El hecho de que la Vuelta Ciclista pase por Los Alcornocales es un privilegio. Pero no para los que hemos ido a verla pasar por all, no. Ni para el mismo parque ni la provincia. Ni mucho menos. Sino para el pelotón. Y para la caravana que lo acompaña. Es cierto que todavía hoy estamos en agosto, que la hojarasca está seca y que el bosque aún no muestra sus imágenes más bellas. El verde oscuro de los alcornoques, el dorado viejo de los pastos y el marrón rojizo de las areniscas con dificultad evocan el frescor de otras latitudes. Es cierto también que la competición no permite recrearse con ojos de cicloturista, que quienes los acompañan motorizados van ocupados con la seguridad, el reportaje, el cronómetro, las tácticas, las averías. Pero, a pesar de todo, recorrer el sinuoso trazado de las carreteras que se adentran en el bosque más sureño del continente merece la pena.
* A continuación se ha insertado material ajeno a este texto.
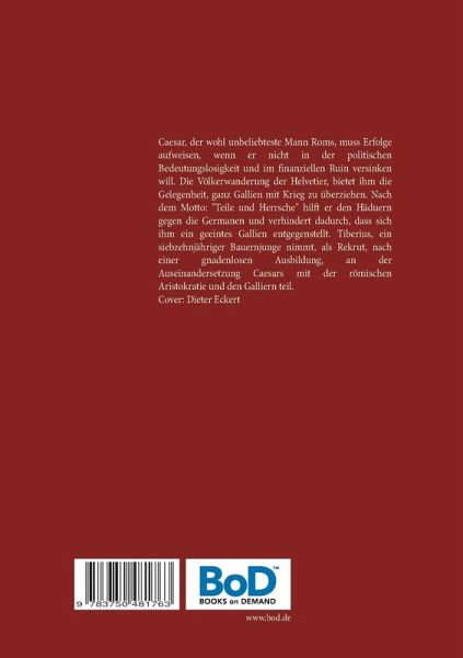Caesar, der wohl unbeliebteste Mann Roms, muss Erfolge aufweisen, wenn er nicht in der politischen Bedeutungslosigkeit und im finanziellen Ruin versinken will. Die Völkerwanderung der Helvetier, bietet ihm die Gelegenheit, ganz Gallien mit Krieg zu überziehen. Nach dem Motto: "Teile und Herrsche" hilft er den Häduern gegen die Germanen und verhindert dadurch, dass sich ihm ein geeintes Gallien entgegenstellt. Tiberius, ein siebzehnjähriger Bauernjunge nimmt, als Rekrut der ruhmreichen Legionen, an der Auseinandersetzung Caesars mit der römischen Aristokratie und den Galliern teil. Nach einer gnadenlosen Ausbildung überlebt er zuerst die Schlacht mit den Helvetiern, den Kampf mit den Germanen und lernt dann, durch die Druiden, den Zugang zu einer grausamen keltischen Götterwelt kennen, die einige Überraschungen für ihn bereithält.Cover: Dieter Eckert
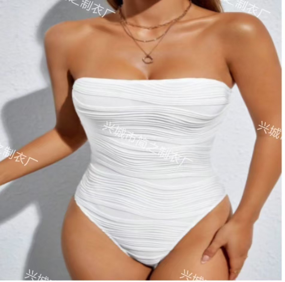 2025 유럽과 미국의 뉴 웨이브 천 로즈 튜브 탑 드로우 스트링 스트랩 스플릿 수영복 비키니 비키니 크로스스토어 가기
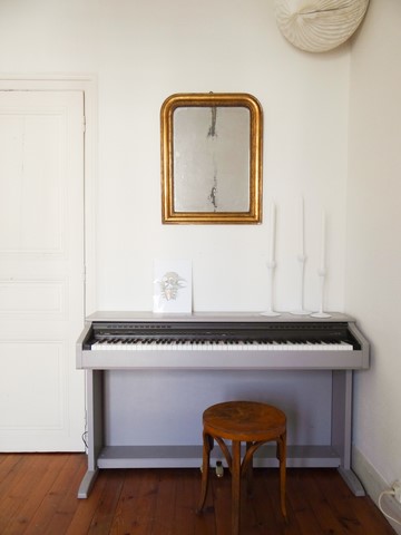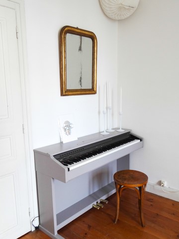 Merci Marie ! C’est un piano casio électronique tout simple, il était dans un plastique marron du type « faux bois » à l’origine, je l’ai repeint ;)
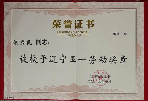 依秀民同志被授予“遼寧五一勞動(dòng)獎(jiǎng)?wù)隆?/h1>
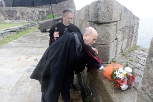 Tras depositar una corona ante la cruz de los Caídos, situada para este acto en un lateral del Ayuntamiento, el Maestre de la OCMP, el Almirante Bolíbar Piñeiro y el Alcalde -Gran Maestre de la OCMP- pronunciaron unas vibrantes alocuciones.
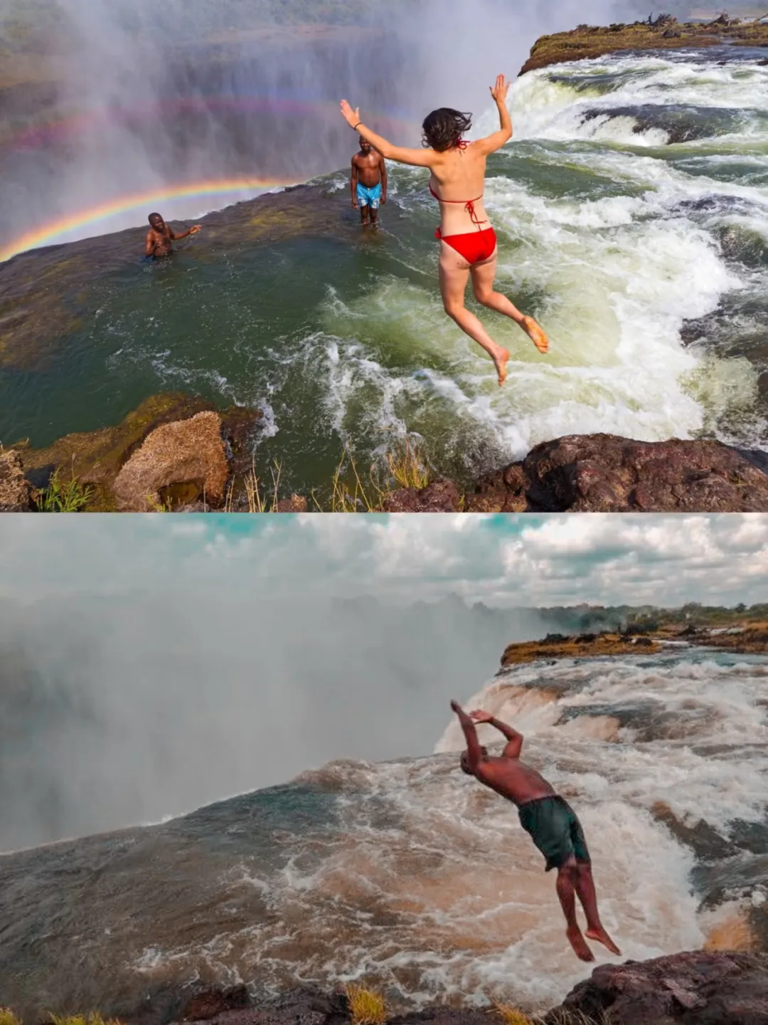 因此,勇敢者们选择在旱季跳进池内游泳,而洪水季则可以观赏到最壮观的瀑布。当瀑布处于旱季时,碧蓝色的池水静止如死,没人知道它是“魔鬼”——只有流亡在瀑布下游的浮尸,警告着人们:走近我,淹没你。

Deslizarse bajo el túnel que forma su arboleda resulta sugestivo.
Hoy pasaron por allí los corredores con su comitiva, poco a poco, espaciados, sin ruido ni estridencias, como respetando a sus habitantes que a esa hora sesteaban. Los escapados rodaban concentrados en aumentar su diferencia. Unos minutos más tarde el pelotón marchaba más relajado, pero sin dar por perdida la posibilidad de alcanzar a los de delante.
Y mientras, por Algeciras, el fuego se iba comiendo el Sendero de los Prisioneros.